WILFREDO HERNANDEZ, PLAINTIFF-APPELLANT,V. REGION NINE HOUSING CORP., NEW BRUNSWICK UAW ASSOCIATES, AND JOAN WILK, DEFENDANTS-RESPONDENTS.


On certification to the Superior Court, Appellate Division, whose opinion is reported at The opinion of the Court was delivered by Handler, J. Chief Justice Poritz and Justices Pollock, O'hern, Garibaldi, Stein and Coleman join in Justice HANDLER's opinion.

The opinion of the court was delivered by: Handler

(This syllabus is not part of the opinion of the Court. It has been prepared by the Office of the Clerk for the convenience of the reader. It has been neither reviewed nor approved by the Supreme Court. Please note that, in the interests of brevity, portions of any opinion may not have been summarized).

Wilfredo Hernandez v. Region Nine Housing Corp., et.al. (A-33-96)

Argued October 7, 1996 -- Decided November 26, 1996

Handler, J., writing for a unanimous Court.

The issue raised in this appeal is whether an individual who received an adverse administrative determination from the United States Equal Employment Opportunity Commission under the Federal Civil Rights Act of 1964 is thereafter precluded from filing suit under the New Jersey Law Against Discrimination in the State Superior Court, Law Division on a claim arising from the same facts.

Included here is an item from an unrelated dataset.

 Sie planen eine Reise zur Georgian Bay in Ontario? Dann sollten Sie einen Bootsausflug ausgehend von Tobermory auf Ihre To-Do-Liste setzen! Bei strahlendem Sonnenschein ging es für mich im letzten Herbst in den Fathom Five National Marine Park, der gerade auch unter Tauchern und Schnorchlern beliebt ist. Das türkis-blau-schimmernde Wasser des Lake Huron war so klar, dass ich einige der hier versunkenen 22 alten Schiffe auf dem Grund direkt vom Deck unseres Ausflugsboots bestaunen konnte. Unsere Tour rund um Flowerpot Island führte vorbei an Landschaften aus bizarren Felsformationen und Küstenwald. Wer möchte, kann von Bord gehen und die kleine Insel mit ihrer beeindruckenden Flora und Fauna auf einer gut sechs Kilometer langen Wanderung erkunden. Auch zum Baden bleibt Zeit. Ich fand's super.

Region Nine Housing Corporation (Region Nine) suspended its employee, Wilfredo Hernandez, a United States citizen of Hispanic origin, for speaking Spanish in the lobby of the apartment building where he worked. In order to return to work, he was required to sign a statement praising the terms of his employment and was ordered not to speak Spanish in public areas of the building. Three months after his reinstatement, Region Nine terminated Hernandez for unsatisfactory work performance

Hernandez filed a complaint with the New Jersey Division of Civil Rights (DCR), alleging that he was unlawfully suspended and terminated because of his national origin. Thereafter, Hernandez filed a claim with the United States Equal Employment Opportunity Commission (EEOC), alleging that his suspension and termination violated Title VII of the Federal Civil Rights Act of 1964. The EEOC issued a "determination" letter, finding that Region Nine's English-only policy was discriminatory and violative of Title VII. The EEOC failed to find reasonable cause to believe that Hernandez's termination was discriminatory. The EEOC issued Hernandez a Notice of Right to Sue. Approximately two weeks after the EEOC issued its determination letter, Hernandez voluntarily withdrew his complaint from the DCR before it had taken any action on the complaint.

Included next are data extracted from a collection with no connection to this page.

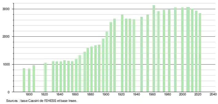 - ↑ Population municipale de référence en vigueur au 1er janvier 2025, millésimée 2022, définie dans les limites territoriales en vigueur au 1er janvier 2024, date de référence statistique : 1er janvier 2022.
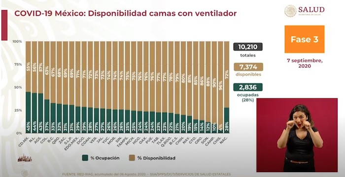 Sobre la ocupación de camas con ventilador, le media nacional se ubica en 28 por ciento. de los 10 mil 210 espacios disponibles, 2 mil 836 cuentan con un paciente con auxiliar respiratorio.
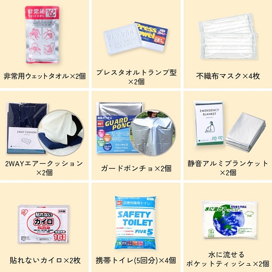 携帯トイレ20回分やドライシャンプーなど、衛生用品が充実!防災グッズを買うなら最低限備えたい商品をセットにしました。
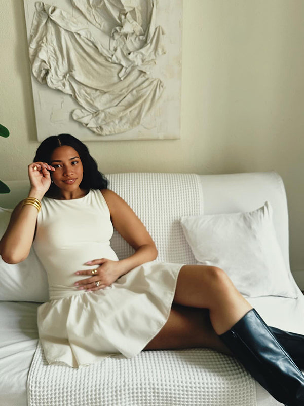 Momyknows Apricot Spliced Ruched Maternity Photoshoot Mini Dress
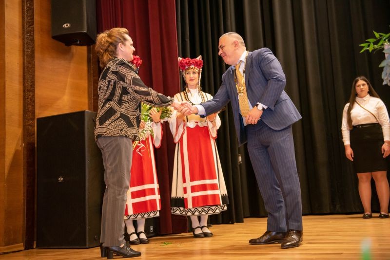 По повод Димитровден приветствие от сцената на залата отправи и кметът Стефан Радев.
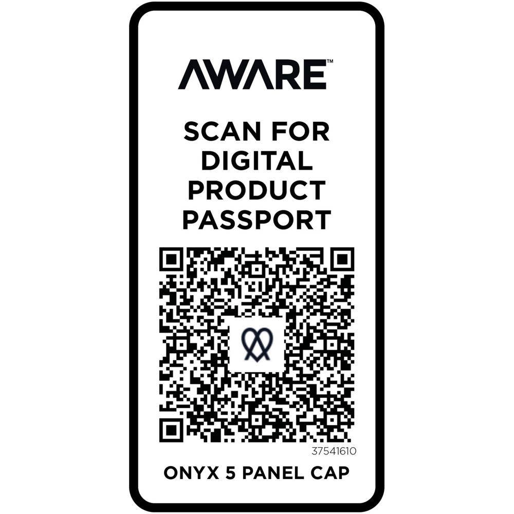 De Onyx 5 panel cap is gemaakt van 70% gerecycled katoen en 30% gerecycled polyester. Hij is ontworpen voor een comfortabele pasvorm met een hoofdomtrek van 58 cm en de metalen gespsluiting zorgt voor eenvoudige, veilige aanpassingen. De cap bevat Cyclo® gerecyclede vezels waarbij voorgesorteerd afval wordt gebruikt dat de kleur van het garen bepaalt. Deze vezels verminderen niet alleen de vraag naar nieuwe grondstoffen, maar tonen ook een engagement voor een circulair leven, waarbij ze de essentie belichamen van het verminderen van afval en het bevorderen van een gesloten kringloopsysteem. Elke cap wordt ook geleverd met een Aware™ tracer. Met deze innovatieve functie kunnen gebruikers de oorsprong en de reis van hun artikel volgen via een QR-code, waardoor de transparantie in de toeleveringsketen wordt vergroot en er een sterkere band is tussen het product en het productieproces.

Shortly after the EEOC issued its determination letter, Hernandez filed suit in the Superior Court, Law Division against Region Nine, alleging that his suspension and discharge violated New Jersey's Law Against Discrimination (LAD). The Law Division granted Region Nine's motion for summary judgment, concluding that Hernandez's claim was precluded by the adverse EEOC determination. The Appellate Division affirmed.

The Supreme Court granted Hernandez's petition for certification.

HELD: An adverse determination by the EEOC does not preclude the filing of suit in Superior Court on a claim arising from the same facts.

1. The New Jersey Law Against Discrimination embodies this State's strong public policy to fight discrimination against any of its inhabitants. In order to further this goal, the Legislature has directed that the LAD be interpreted liberally. (pp. 4-5)

2. Title VII embraces a similar national policy and does not preempt state efforts at anti-discrimination. (p.5)

3. Under the LAD, a complainant must choose to pursue his remedy for redress either administratively through the DCR or judicially by filing suit directly in Superior Court. (pp. 5-7)

4. Unlike the LAD, Title VII does not provide for an election between administrative and judicial remedies. However, a complainant cannot institute suit directly in federal district court but must first file a charge of discrimination with the EEOC. (p.7 )

5. Although the EEOC has broad investigatory powers, a complainant has the right to sue regardless of whether or not the EEOC finds reasonable cause to support his or her allegations of discrimination. (pp. 8-9)

6. EEOC determinations are generally admissible at subsequent trials. (pp. 9-10)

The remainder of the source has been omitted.